- Cover of the single released in Denmark

Single by the Scaffold
- B-side: "Ide B the First"
- Released: 3 November 1967
- Recorded: 1967
- Studio: EMI Studios
- Genre: Novelty
- Length: 2:27
- Label: Parlophone
- Songwriter: Mike McGear
- Producer: Tony Palmer

The Scaffold singles chronology
| "Goodbat Nightman" (1967) | "Thank U Very Much" (1967) | "Do You Remember?" (1968) |

= Thank U Very Much (The Scaffold song) =

1967 single by the Scaffold

"Thank U Very Much" is a song by Liverpudlian comedy trio the Scaffold, released as a single in November 1967. It became their first hit, entering the top ten in the UK.
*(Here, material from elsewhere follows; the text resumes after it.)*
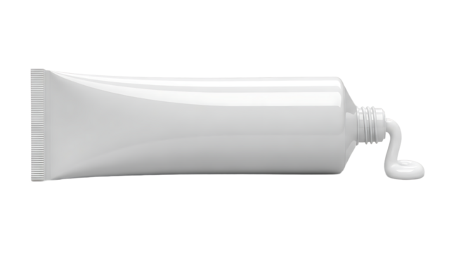 Hand holding a white cosmetic cream tube isolated on transparent background

==Background and release==
"Thank U Very Much" was a last attempt by the Scaffold to achieve a hit record. Written by Mike McGear, it was inspired by a telephone call he had with his brother Paul McCartney. McCartney had given McGear a Nikon camera for his birthday and when McGear called to thank him, he decided to sing 'Thank you very much for my Nikon camera. Thank you very much'. After the phone call, the tune stuck in his head and he recorded it on a Grundig tape recorder. The song notably starts with the line 'Thank you very much for the Aintree Iron', which has caused much speculation over the meaning of Aintree Iron, with McGear having repeatedly refused to divulge its meaning. The "Aintree Iron" was revealed by John Gorman on BBC Radio Merseyside in 2022 to be one of the first motorised taxi cabs in England.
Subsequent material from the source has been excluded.